I have wrote the following DCG to find the sequence between AA and TT.

:- use_module(library(pio)).
:- use_module(library(dcg/basics)).
:- portray_text(true).

process(Xs) :- phrase_from_file(find(Xs), 'string.txt').

anyseq([]) -->[].
anyseq([E|Es]) --> [E], anyseq(Es).

begin --> "AA".
end -->"TT".

find(Seq) -->
     anyseq(_),begin,anyseq(Seq),end, anyseq(_).

I query and I get:

?- process(Xs).
 Xs = "CCCCCCCCCC" ;
 Xs = "CCCCCCCCCCTTGGGGGGGGGGGGG...CCCCC" ;
 Xs = "CCCCCCCCCC" ;
false.

But I dont want it to find the second solution or ones like it. Only the solutions between one pair of AA and TTs not all combinations. I have a feeling I could use string_without and string in library dcg basiscs but I dont understand how to use them.

Also any advice on naming these, I have find.. but it is not very declarative. — user27815, Jul 06 '15 at 13:42
What do you expect for the string `"AAAACCCTT"`? Is it `"AACCC"` or `"CCC"`? — false, Jul 06 '15 at 15:20
hmm .. good point.. not sure at the moment. The answer below finds three solutions.. that will do for the moment. Thanks for pointing this out. — user27815, Jul 06 '15 at 15:34

score 3 · Accepted Answer · edited Jul 06 '15 at 21:33

3

your anyseq//1 is identical to string//1 from library(dcg/basics), and shares the same 'problem'.

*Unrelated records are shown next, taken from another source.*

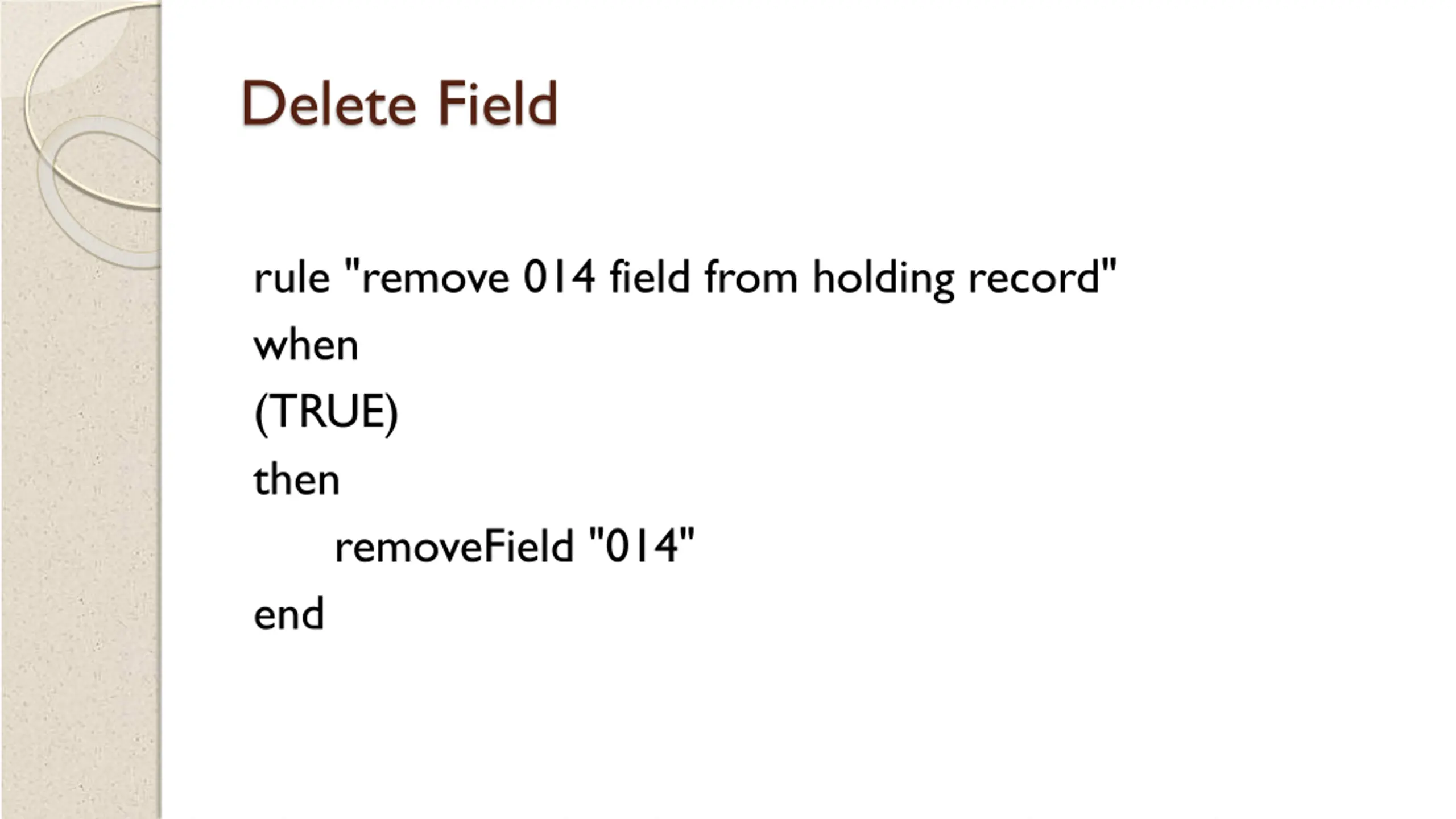 Delete Field rule "remove 014 field from holding record" when (TRUE) then removeField "014" end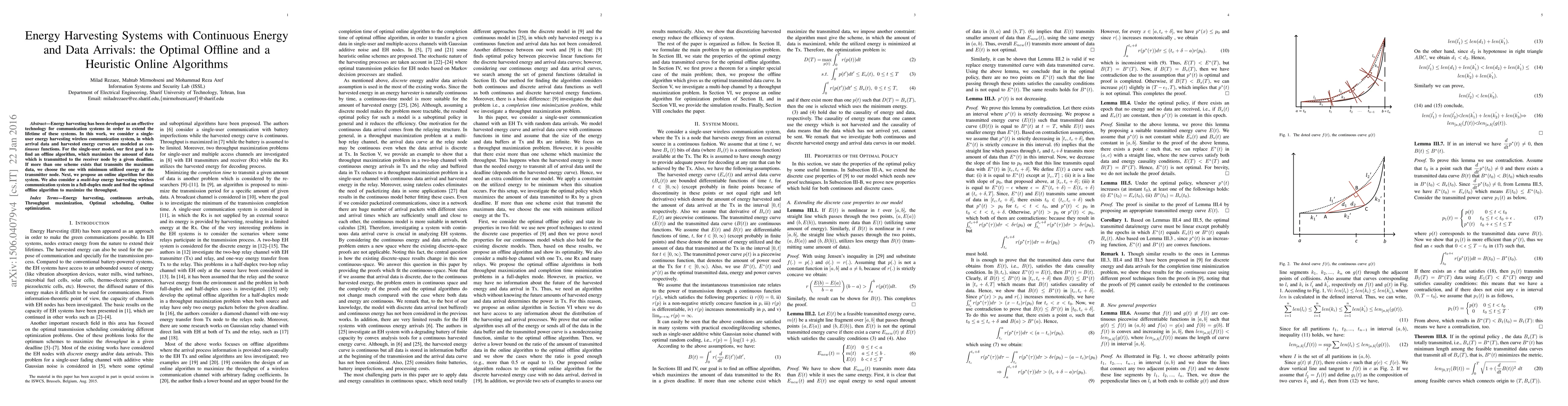 This paper develops algorithms for energy harvesting communication systems with continuous energy and data arrivals. It proposes an optimal offline algorithm to maximize data transmission within a deadline and a heuristic online algorithm for a single-user system, while also finding the optimal offline algorithm for maximizing throughput in a multi-hop full-duplex system.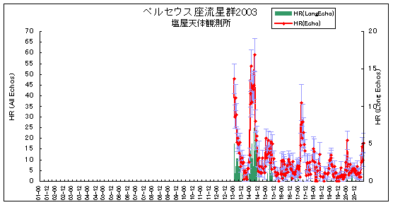 - 引っ越し先で観測再開したのが、いきなり極大日でした。ロングエコーが多くてにぎやかでした。(2003.8.22)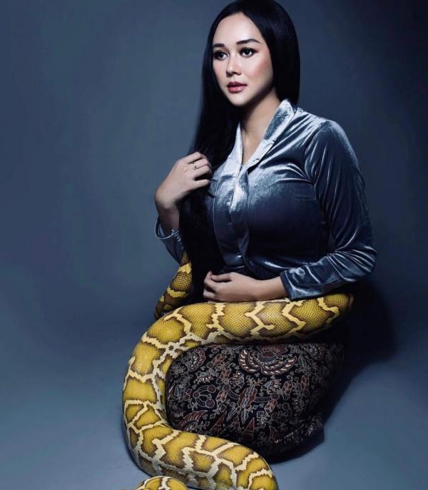 Bikin Merinding, Aura Kasih Pamer Pose Ekstrem Bareng Ular Besar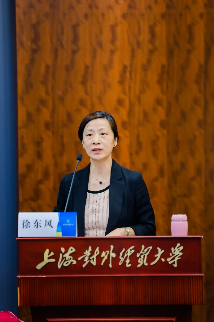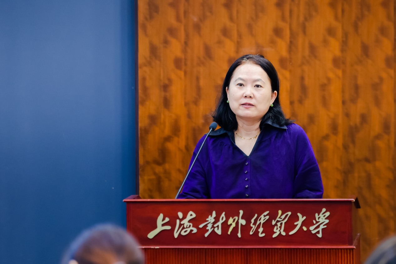 国际商务外语学院院长温建平介绍了学院的发展历程、外语学科的建设现状以及人才培养的成效与特色。她表示,学院外语学科的发展势头良好,外国语言文学一级学科在第三、四、五轮学科评估中均获得了优良的成绩;在全国专业学位评估中,翻译专业硕士学位点表现同样突出。学校一直保持着商务英语教学、商务翻译等的传统特色和优势,成为服务国家和上海对外开放事业的重要力量。她还着重就学院培养研究生科研创新能力、提升研究生培养质量的一系列具体举措作了说明。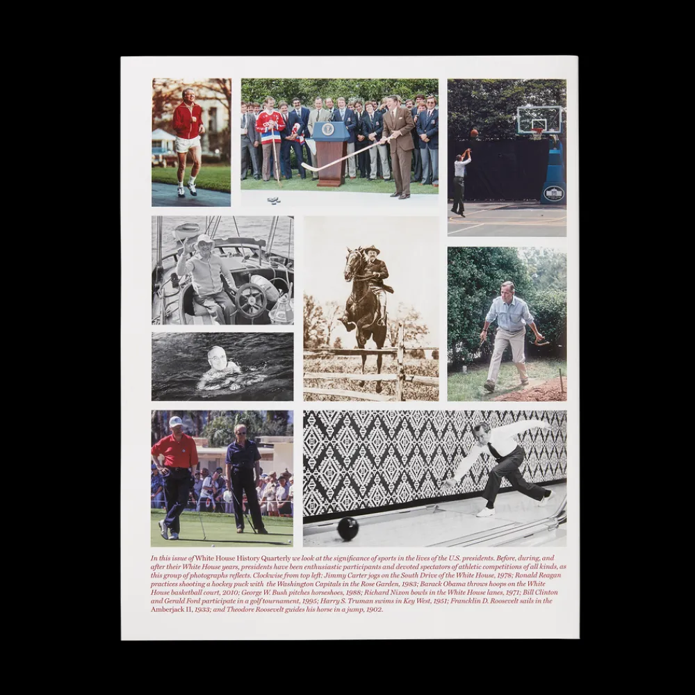 This issue looks at the sports personally pursued by the presidents—before, during, and after their White House years—as well as the national pastimes they share in celebrating with the American people. “Athletics, even as mere exercise, has been a major feature of White House life from the start,” writes William Seale, editor of White House History Quarterly. “All manner of sports have appealed to the nation’s chief executives to break the physical monotony of presidential life laid before them. Ulysses S. Grant played billiards, Theodore Roosevelt took up jujitsu, and Herbert Hoover created Hoover Ball, a complicated and strenuous game, somewhat obscure yet still played today. Fishing and golf have been a primary distractions for many, including Dwight D. Eisenhower. And presidents have long paid attention to spectator sports, too, first to baseball, then to football—specially favored by Theodore Roosevelt, as this issue reveals. Winning teams and heroes in all kinds of competitions are now honored by invitations to the White House.”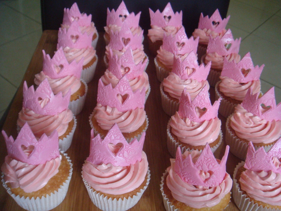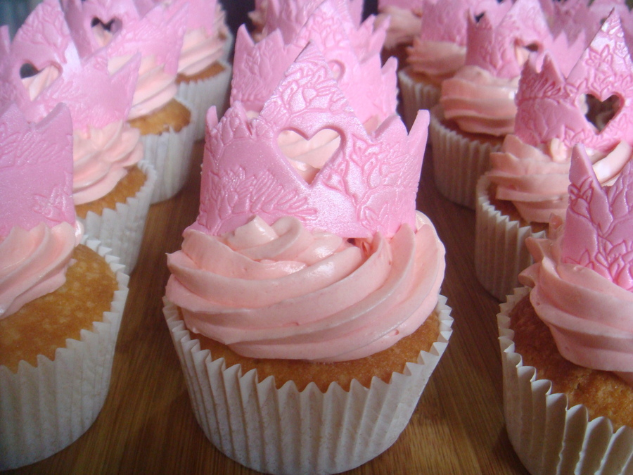 Tiara cupcakes for a princess theme birthday for a little girl. vanilla cupcakes with swiss buttercream topped with handmade sugarpaste tiaras.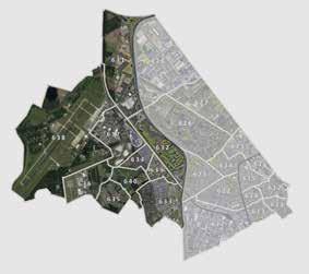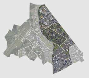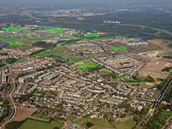 sportvoorzieningen en de parkachtige randen van het ‘dorp’.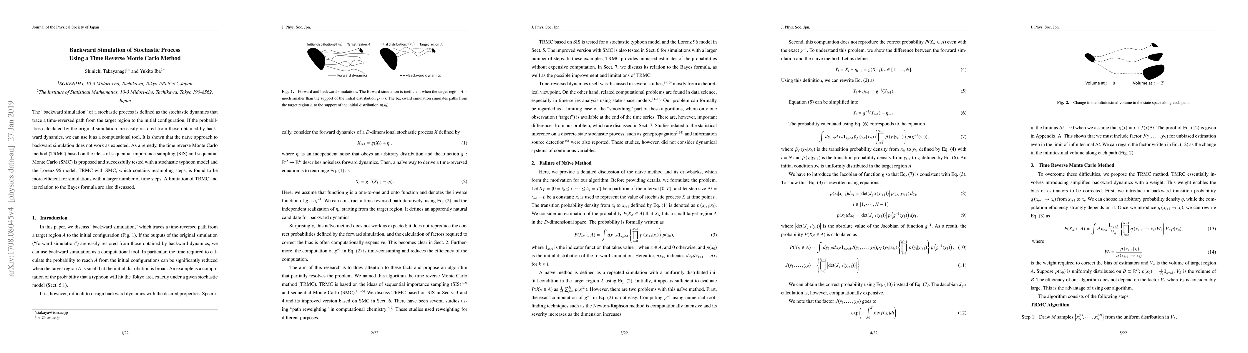 This paper proposes the Time Reverse Monte Carlo (TRMC) method for backward simulation of stochastic processes, addressing the inefficiency of naive approaches. TRMC, based on Sequential Importance Sampling and Sequential Monte Carlo, is tested on a typhoon model and Lorenz 96 model, showing improved efficiency for larger simulations, though its limitations and relation to the Bayes formula are also discussed.

To keep in control, I would introduce a 'between separators' state:

elem(E) --> begin, string(E), end, !.

begin --> "AA".
end -->"TT".

find(Seq) -->
     anyseq(_),elem(Seq).

anyseq([]) -->[].
anyseq([E|Es]) --> [E], anyseq(Es).

process(Xs) :-
   phrase(find(Xs), `GGGGGGGGAACCCCCCCCCCTTGGGGGGGGGGGGGGGGAACCCCC+++CCCCCTTGGGGGGGG`,_).

now I get

?- process(X).
X = "CCCCCCCCCC" ;
X = "CCCCC+++CCCCC" ;
false.

note the anonymous var as last argument of phrase/3: it's needed to suit the change in 'control flow' induced by the more strict pattern used: elem//1 is not followed by anyseq//1, because any two sequences 'sharing' anyseq//1 would be problematic.

In the end, you should change your grammar to collect elem//1 with a right recursive grammar....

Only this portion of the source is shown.